• _PROVIDED DATA_
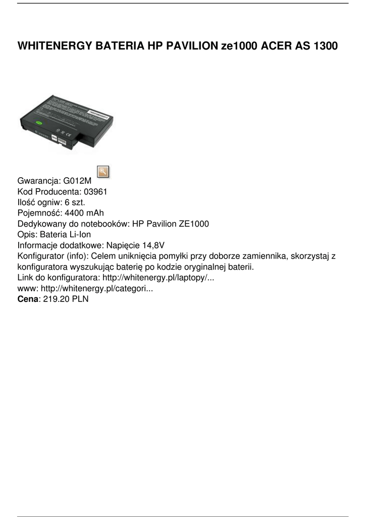 WHITENERGY BATERIA HP PAVILION ze1000 ACER AS 1300 Gwarancja: G012M Kod Producenta: 03961 Ilość ogniw: 6 szt. Pojemność: 4400 mAh Dedykowany do notebooków: HP Pavilion ZE1000 Opis: Bateria Li-Ion Informacje dodatkowe: Napięcie 14,8V Konfigurator (info): Celem uniknięcia pomyłki przy doborze zamiennika, skorzystaj z konfiguratora wyszukując baterię po kodzie oryginalnej baterii. Link do konfiguratora: http://whitenergy.pl/laptopy/... www: http://whitenergy.pl/categori... Cena: 219.20 PLN Powered by TCPDF (www.tcpdf.org)
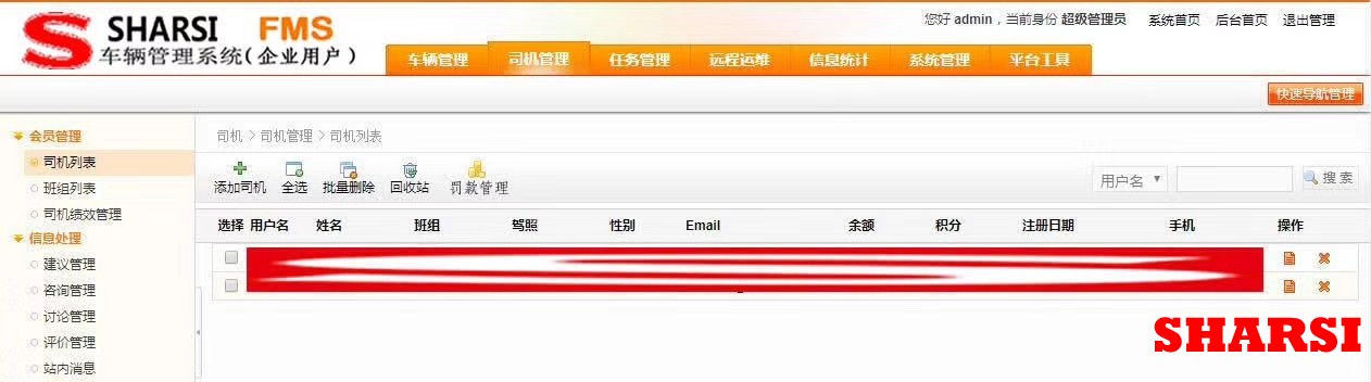 本功能模块包括了司机的基本信息,绩效积分等,双击司机条目,可以查询更详细的相关资料。
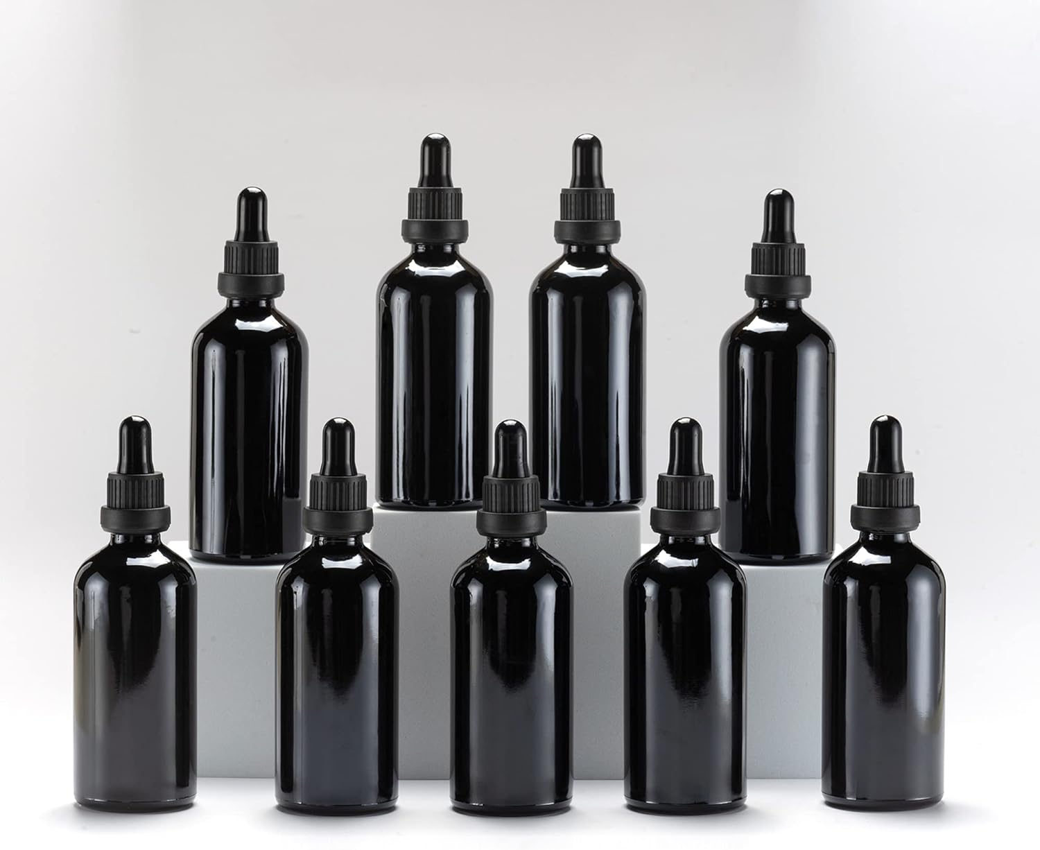 - [Glass Bottle with Dropper 4oz] Eye Dropper Bottles glass is black, it designs to protect the essential oil against UV rays. Made from high quality glass.BPA FREE.Refillable, washable and travel friendly. leak proof
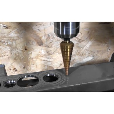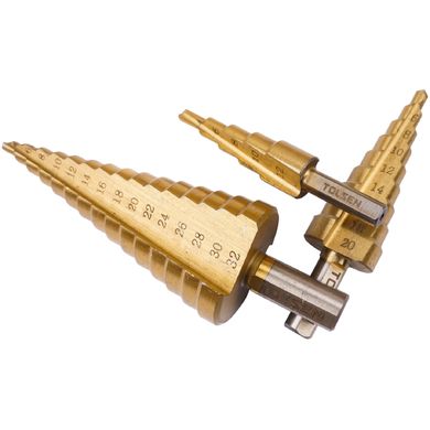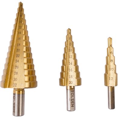 Sada 3 stupňovitých vrtákov, materiál rýchlorezná oceľ, kalené, s titánovým povlakom, pre priemery 2 – 32 mm, kufrík na uloženie vrtákov
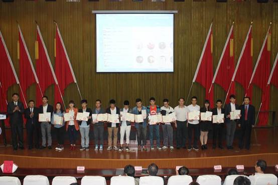 郑瑛副校长宣读了首届赴台交换生获奖名单以及台湾东南科技大学的学业成绩奖名单。马蜂校长、郑瑛副校长、王路群副校长、台湾东南科技大学董益吾副校长为获奖同学颁发了获奖证书。
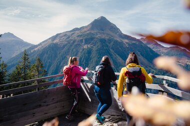 Danach laufen wir den Wanderweg entlang, bis wir beim Aussichtspunkt Wildried angelangt sind. Eine echte Rarität im Alpenraum! Das im Herbst in leuchtende Orange-, Rot-Töne getauchte Wildried ist das höchstgelegene Hochmoor Europas und beherbergt aufgrund seiner Zusammensetzung eine Vielzahl an seltenen Pflanzen- und Tierarten. Um dieses sensible Ökosystem nicht zu zerstören, ist es wichtig, auf dem Wanderweg zu bleiben – auch wenn die große Wiesenfläche fast schon dazu einlädt, sich in Mitten der herbstlichen Farbenpracht nieder zu lassen.
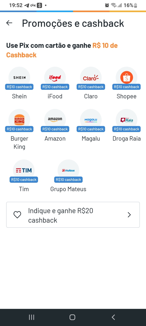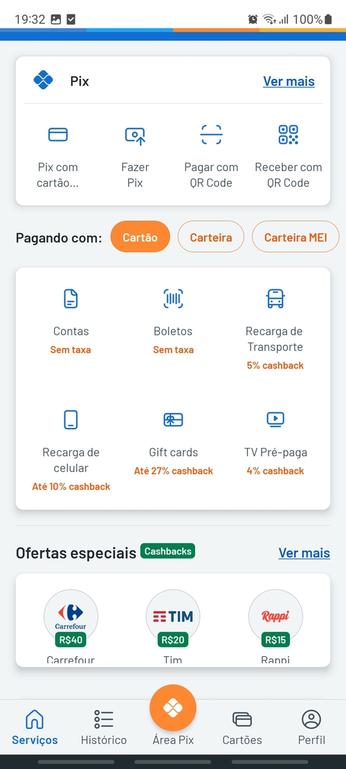 3. a opção do Carrefour vai aparecer numa aba de "Ofertas especiais (Cashbacks)", de cara você já vai ver o desconto, clique lá e vai aparecer a opção pra você pagar por PIX com QR code e depois selecione pra digitar, e cole o código lá.

• _TASK BRIEF_
Please print the lines exactly, from the top of the material through the line with "本功能模块包括了司机的基本信", and omit the pictures.

• _ANSWER SECTION_
 WHITENERGY BATERIA HP PAVILION ze1000 ACER AS 1300 Gwarancja: G012M Kod Producenta: 03961 Ilość ogniw: 6 szt. Pojemność: 4400 mAh Dedykowany do notebooków: HP Pavilion ZE1000 Opis: Bateria Li-Ion Informacje dodatkowe: Napięcie 14,8V Konfigurator (info): Celem uniknięcia pomyłki przy doborze zamiennika, skorzystaj z konfiguratora wyszukując baterię po kodzie oryginalnej baterii. Link do konfiguratora: http://whitenergy.pl/laptopy/... www: http://whitenergy.pl/categori... Cena: 219.20 PLN Powered by TCPDF (www.tcpdf.org)
 本功能模块包括了司机的基本信息,绩效积分等,双击司机条目,可以查询更详细的相关资料。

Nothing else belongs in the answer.